Egypt’s PMI for non-oil activities faces fastest drop in activity in two years – Markets & Companies – Business
This is the second time the PMI has risen in 2022, with the index hitting 48.1 in February.
In its Egypt report, S&P said Egypt’s PMI was still below the neutral 50 threshold, indicating a solid deterioration in trading conditions that was the second fastest since June 2020.
The sector also saw a notable decline in new orders in April as customer demand waned under pressure from rising costs of living and selling expenses.
Meanwhile, new business fell in April for the eighth consecutive month due to weak domestic demand and a drop in new export sales, the report said.
In April, the Ministry of Trade and Industry said Egypt’s non-oil exports increased by $1.5 billion (20%) in the first quarter (Q1) of 2022 (Jan-March) for reach $9.1 billion, compared to $7.6 billion in 1Q 2021. despite the current global economic challenges.
“Reduced demand pressures meant that many companies had some spare capacity in April, as indicated by a slight decrease in backlogs. Subsequently, some companies reported leaving vacancies unfilled. , leading to the fastest decline in employment levels seen in exactly one year,” the report explains.
“Despite the acceleration in business costs, Egyptian business selling prices rose only slightly in April. In fact, the increase was the smallest seen since July 2021, as businesses chose to absorb much of the cost burden rather than pass it on to their customers,” he added.
The report further indicates that business conditions in Egypt’s non-oil economy remained under pressure from the inflationary wave, supply problems and geopolitical tensions in April.
According to the latest data from the PMI survey, the decline in private sector business activity in April was fueled by a sharp drop in customer demand and higher input costs, both of which led to a reduction of business purchasing activity as well as a reduction in the number of jobs. at the fastest pace in a year.
“Despite improving from a record low in March, business confidence is on the decline again as companies expect pricing pressures to remain severe,” the report said.
David Owen – an economist at S&P Global – said non-oil business activity in Egypt continued to fall sharply in April as companies faced a further rise in materials and energy costs due to the Ukraine- Russian currency and a devaluation of the Egyptian pound. end of March.
“Manufacturers remained the most exposed to these setbacks, with rising commodity prices and supply shortages leading to a sharp reduction in the production of goods, although wholesale, retail and service trade also suffered. a drop in activity.
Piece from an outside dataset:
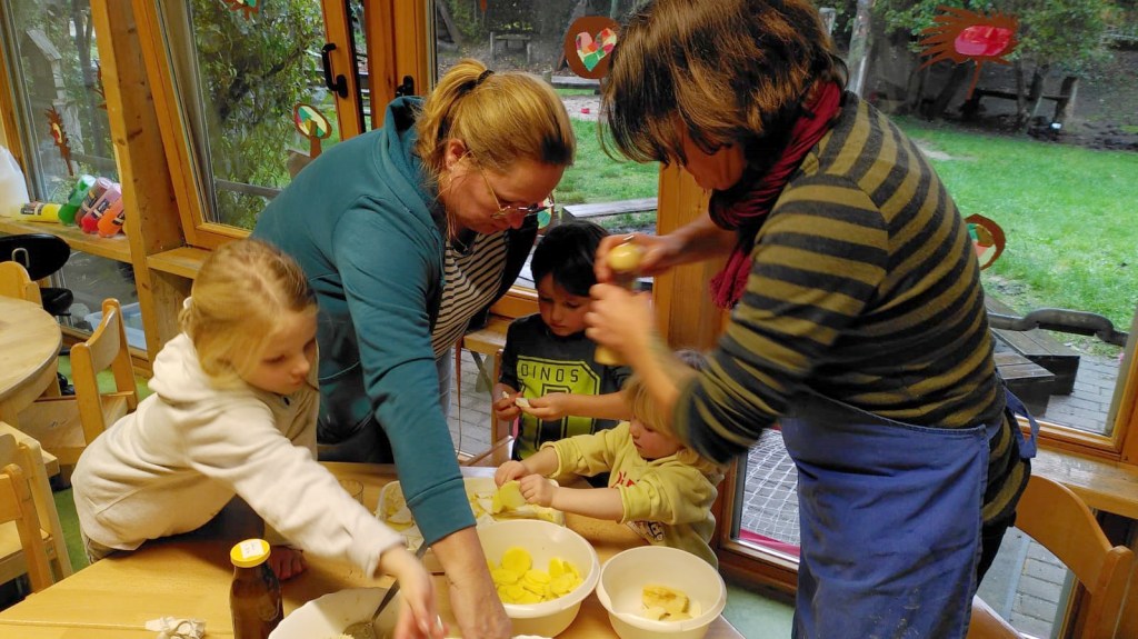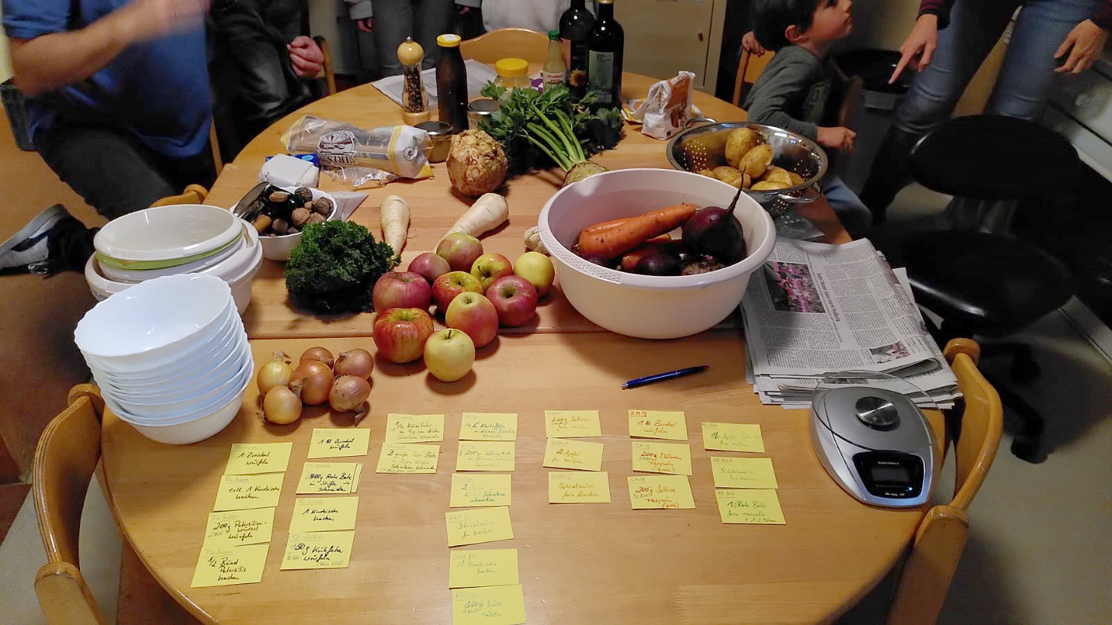 Um zu zeigen, wie vielfältig und lecker Wintergemüse vom Laakenhof ist (Tomaten und Paprika können auch mal Pause machen…), hat Natascha zusammen mit 4 Familien (6 Erwachsene und 7 Kinder) einige saisonale Gerichte zubereitet.

Construction was the only bright spot, as PMI data suggested that activity and new work had increased for the first time in 2022 so far,” Owen explained.
He added that the continuation of the war in Ukraine meant that non-oil private sector companies expected further pricing and supply challenges, causing a further negative outlook for business activity in the country.
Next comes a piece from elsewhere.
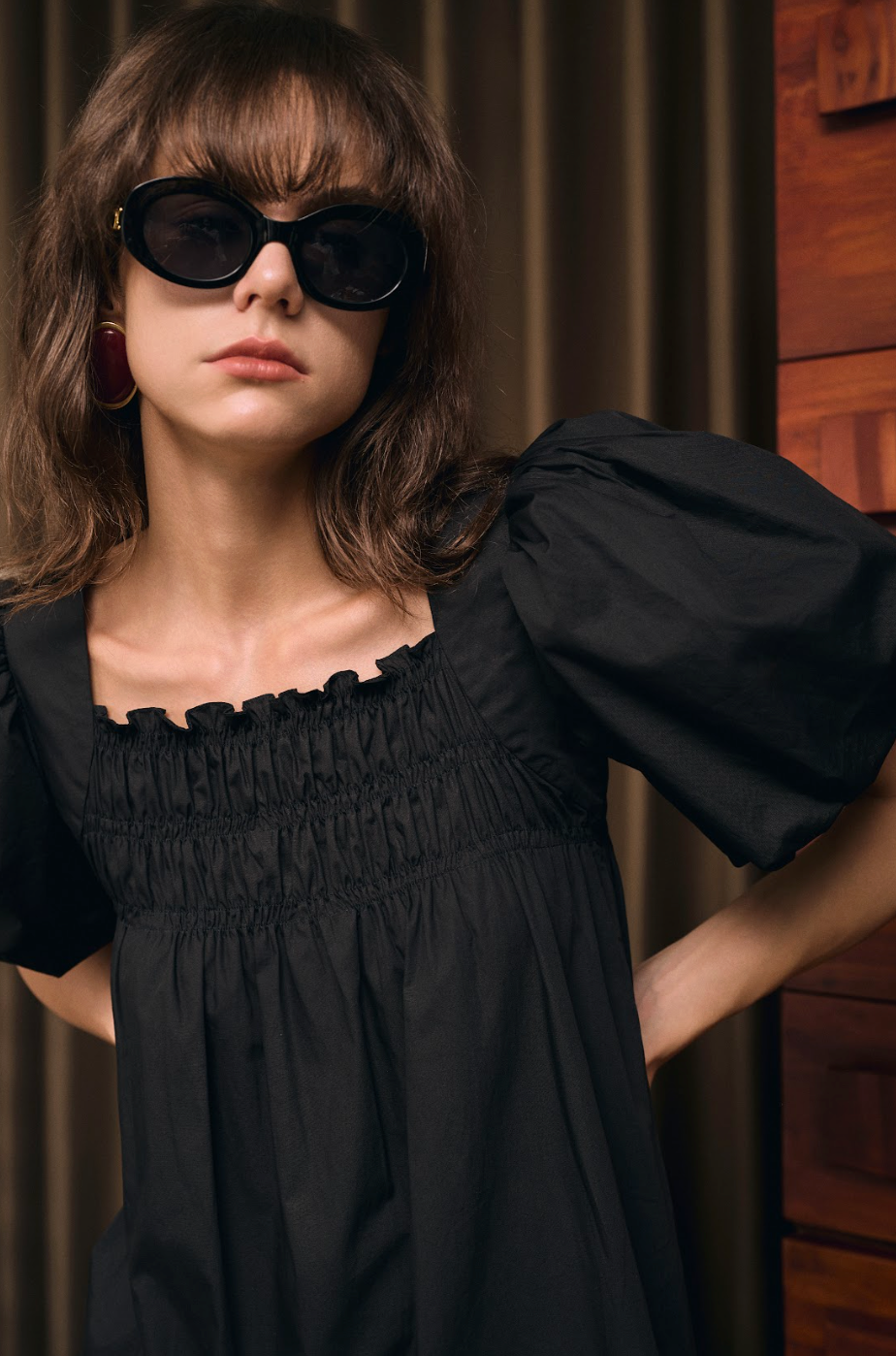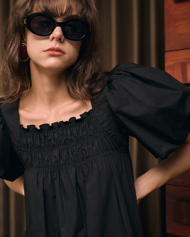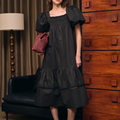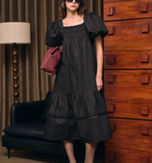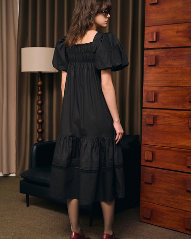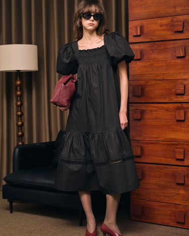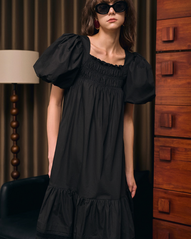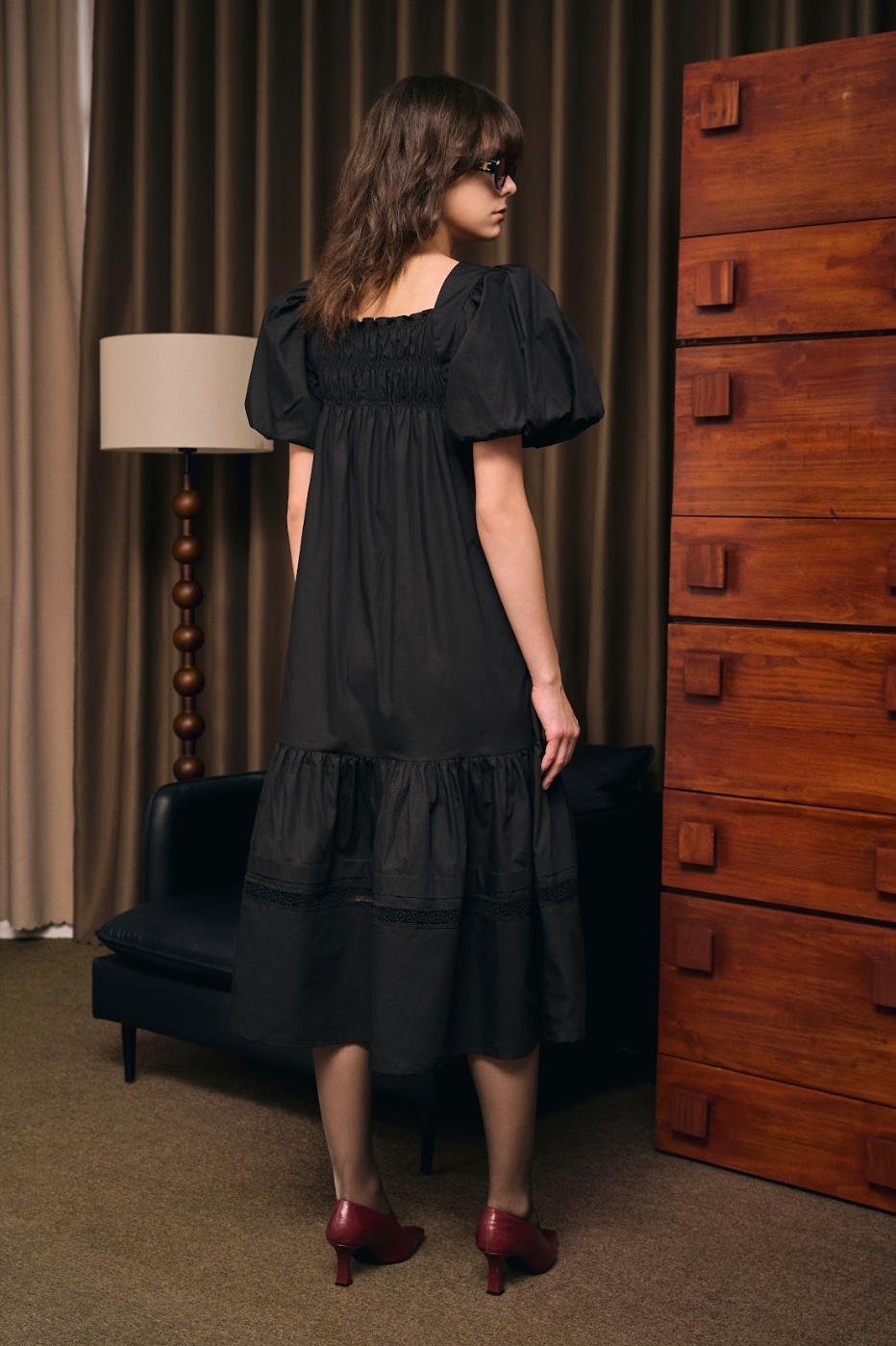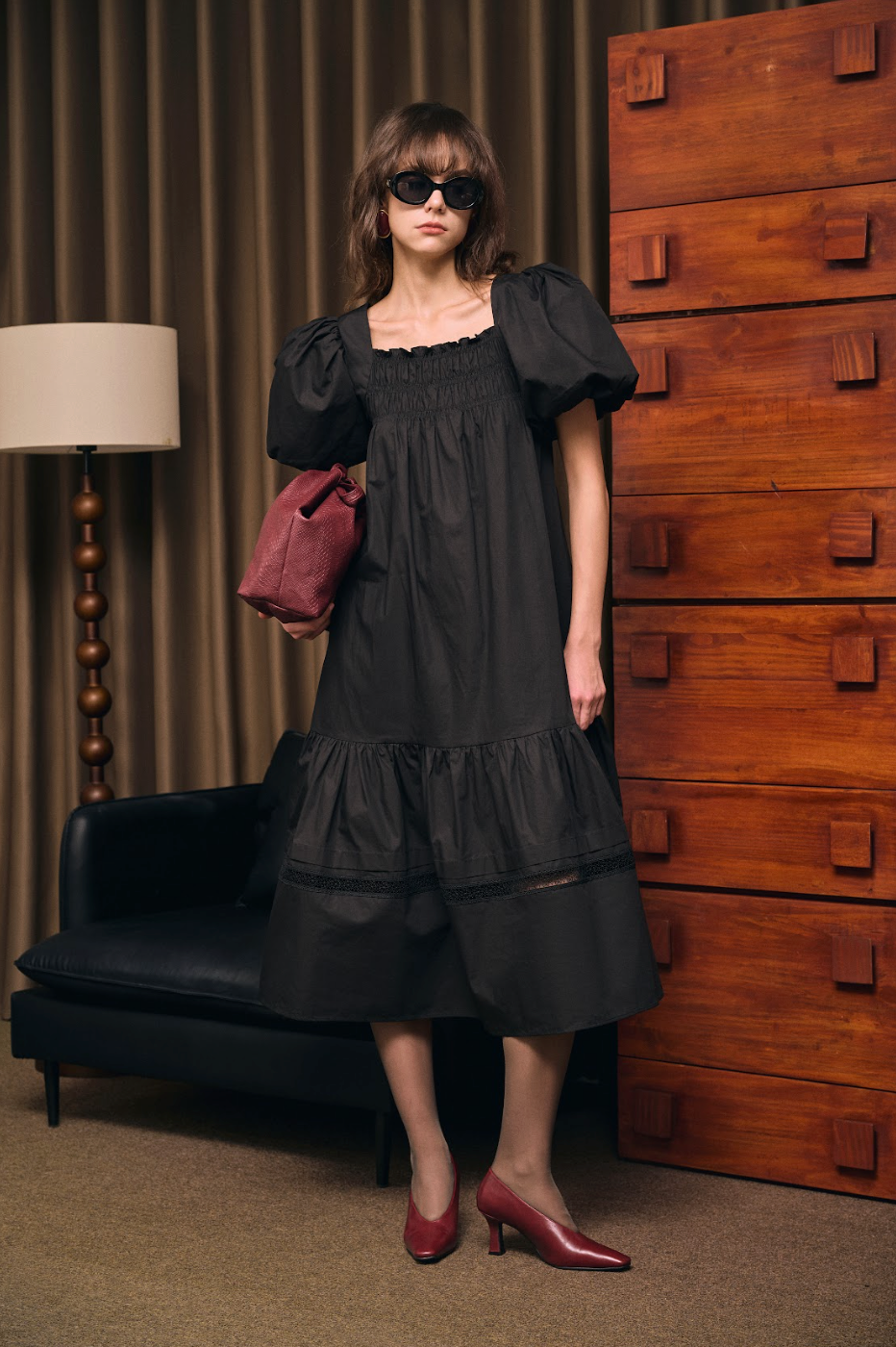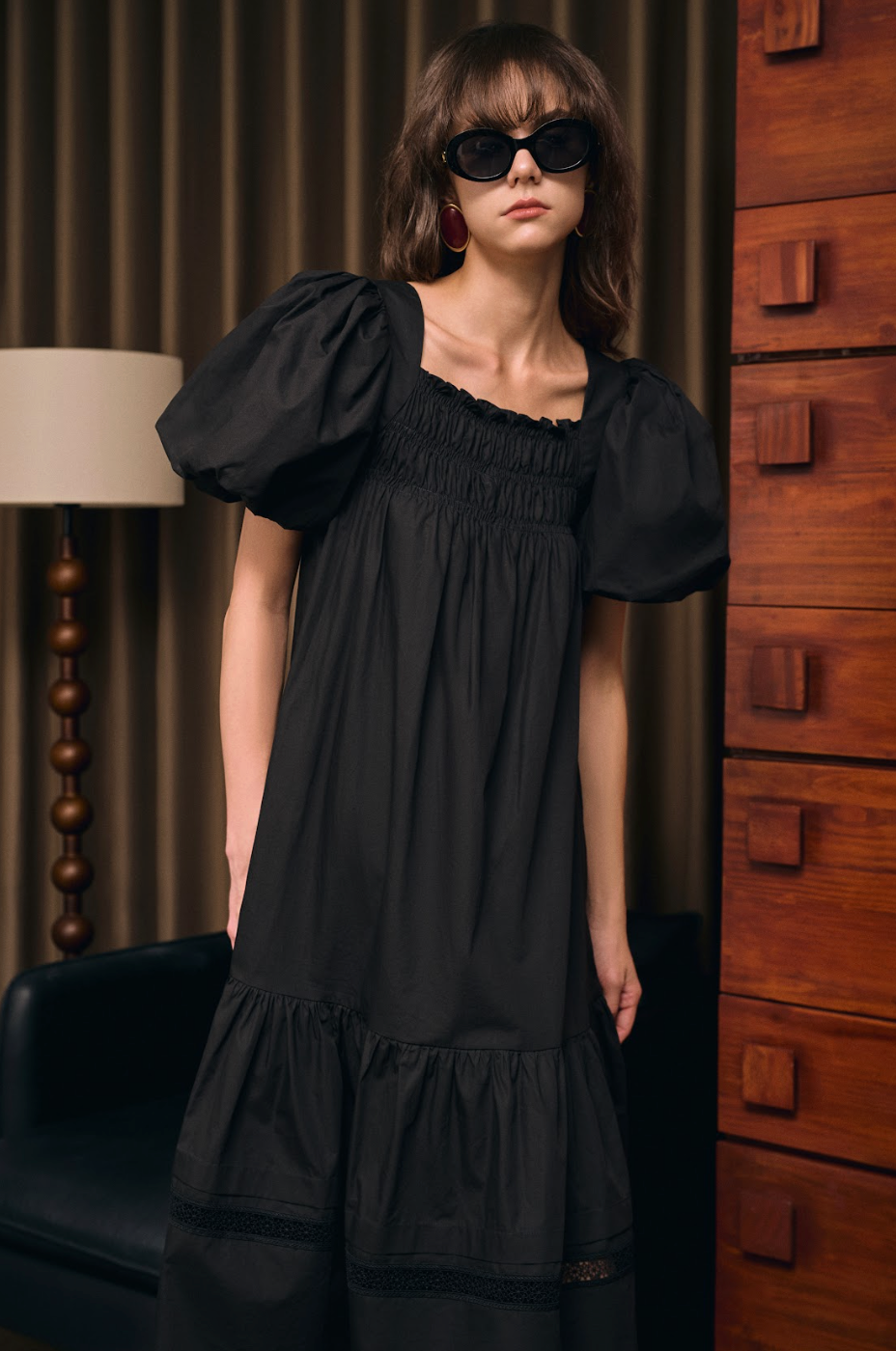 Cut in RANDOMLIST’s signature babydoll silhouette, this midi dress is crafted from a structured cotton blend that holds its form with ease. The smocked bodice offers a flexible fit, while the skirt flows softly with lace trim - subtle yet captivating in its detail.

“The gap between input prices and output prices also indicates that companies are bearing much of the cost burden and delaying price increases until the demand situation has improved,” he said. he added.
The Central Agency for Public Mobilization and Statistics (CAPMAS) is expected to announce April inflation figures on Tuesday.
The latest CAPMAS figures showed that Egypt’s headline annual inflation in urban areas accelerated to 10.5% in March from 8.8% in February, fueled by rising food prices and energy during the war in Ukraine.